Friday, May 25, 2007

Amish Conversion

I've decided that I am going to be Amish. True, you may have to live without plumbing, but I find that a fair trade for Corporate America. There are many positives to being Amish. My top ten reasons:
10) No Insurance. I feel that Insurance Is Of The Devil. But that is a topic for another post.

9) No Telephones. I hate. Hate. HATE telephones. Convenient though they may be, I already try to use them for business only. I have too much trouble understanding voices without people behind them. I feel like I'm trying to talk to someone through a cotton gag.

8) Defined Gender Roles. No more guessing what my place and duty are. I'd know what I am, I'd know what I am to do, and I'd have the freedom to focus on doing it.
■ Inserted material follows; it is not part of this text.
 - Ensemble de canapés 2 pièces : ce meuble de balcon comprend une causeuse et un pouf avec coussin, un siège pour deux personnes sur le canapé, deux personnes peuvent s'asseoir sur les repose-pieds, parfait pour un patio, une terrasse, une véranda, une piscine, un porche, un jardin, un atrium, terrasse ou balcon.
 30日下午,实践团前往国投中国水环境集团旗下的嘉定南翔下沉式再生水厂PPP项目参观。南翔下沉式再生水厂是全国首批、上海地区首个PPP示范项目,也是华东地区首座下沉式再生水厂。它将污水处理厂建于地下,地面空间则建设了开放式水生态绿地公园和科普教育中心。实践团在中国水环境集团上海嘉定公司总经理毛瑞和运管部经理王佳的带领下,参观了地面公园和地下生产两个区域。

7) Community & Family. I would be a contributing part of a community. No longer a floating number on a list, I'd be a real person with real strengths and weaknesses. I'd have a reason to be alive, and be supported in that reason. It might have its downsides, but I'd be able to fulfil one of my dreams: to go to a barn raising.

6) Farming. I'm a born farm girl who has been largely corralled into cities most of her life. No more suffocating in nasty city air. I much prefer nasty farm air.

5) Clothes. No more shopping. No more horridly bright "spring" colors. No more nasty "Zero to . . . " shirts. No more waiting in lines. No more shopping carts engineered to go six different directions between four wheels.

4) Communal Governance. No taxes. No presidents. No politicians.

3) Germanity. I pine after Germany. The Amish are about as close as it gets on the western continent.

2) No Corporate America. I've already mentioned this, but it bears its own place in the list. This is probably the number one good reason. Well, maybe after horses.

1) Horses. I love horses and have been going through withdrawals for years. I tear up with I pass a field dotted with beautiful equines. Ah, the inhumanity!

Forget all of this "in the world" blather. Now I just have to figure out how to get in without changing my faith. Do you think they accept Mormons?

1 comment:

  1. Cute post! I lived in Lancaster County, PA for a couple of months when I was a misisonary.